Tracking Halo's history, back in time (higher redshifts).

André Barbosa
  • 8
  • 23 Dec '22

Hi All,

If, HaloID is not a field, it is implicit ie: is the index of any Group* dataset, i.e. the row number at any given redshift, then how can we trace back the accretion history of any given Halo (considering the number of Halos differs across redshifts)?

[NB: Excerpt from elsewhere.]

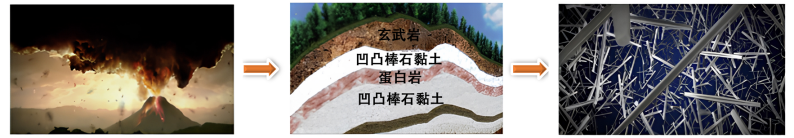 凹凸棒石的“分子身份證號”為Si8Mg5O20(OH)2(H2O)4·4H2O。它誕生于白堊紀(jì)至第三紀(jì)漫長的地質(zhì)演化過程中,是火山沉積、熱液蝕變與漫長風(fēng)化共同孕育的結(jié)晶。歷經(jīng)億萬年錘煉形成的獨(dú)特結(jié)構(gòu),至今仍是人類難以合成的自然杰作。

Reading through the forums it seems that amongst the options, we can either:

(1) identify the most significant (central) subhalo within any FoF/Group and then use their Merger-Tree information (which brings the question of whether any given central sub-halo at z=N will always be central at higher red-shifts z>N), another method,

(2) proposed by Rodriguez-Gomez* et al, in section 3.3, “Merger trees of halos” where a splitting algorithm is used across the sub-halos merger trees of any given Halo to build the Halo level merger-tree, and finally, also on this forum,

(3) and specifically for sub-Halos, is suggested one loads the "main progenitor branch" of the SubLink merger tree - but how does this work at the Halo level?

Reference*: “The merger rate of galaxies in the Illustris Simulation: a comparison with observations and semi-empirical models”, Rodriguez-Gomez et al in Monthly Notices of the Royal Astronomical Society, Volume 449, Issue 1, 1 May 2015

May you please provide some guidance on how to gather the accretion info / history for any given halo, whether (1),(2),(3) or if there are other methods, more tailored for Halos etc...

Regards (and Merry Xmas)

Dylan Nelson
  • 28 Dec '22

Hello Andre,

(2) While one could construct a halo-based merger tree, we don't have any such structure available. All our merger trees are subhalo based.

(1,3) As you suggest, the best way is to simply go to the central of the halo of interest (via GroupFirstSub), then look at its main progenitor branch. For each subhalo along the MPB, you can look at the parent halo (via SubhaloGrNr). This is essentially a "halo MPB". You are not guaranteed that subhalos along a MPB are always the central of their halos, but I expect it would be rare otherwise, and this procedure work for most cases.

André Barbosa
  • 28 Dec '22

Thanks Dylan,

will try this approach.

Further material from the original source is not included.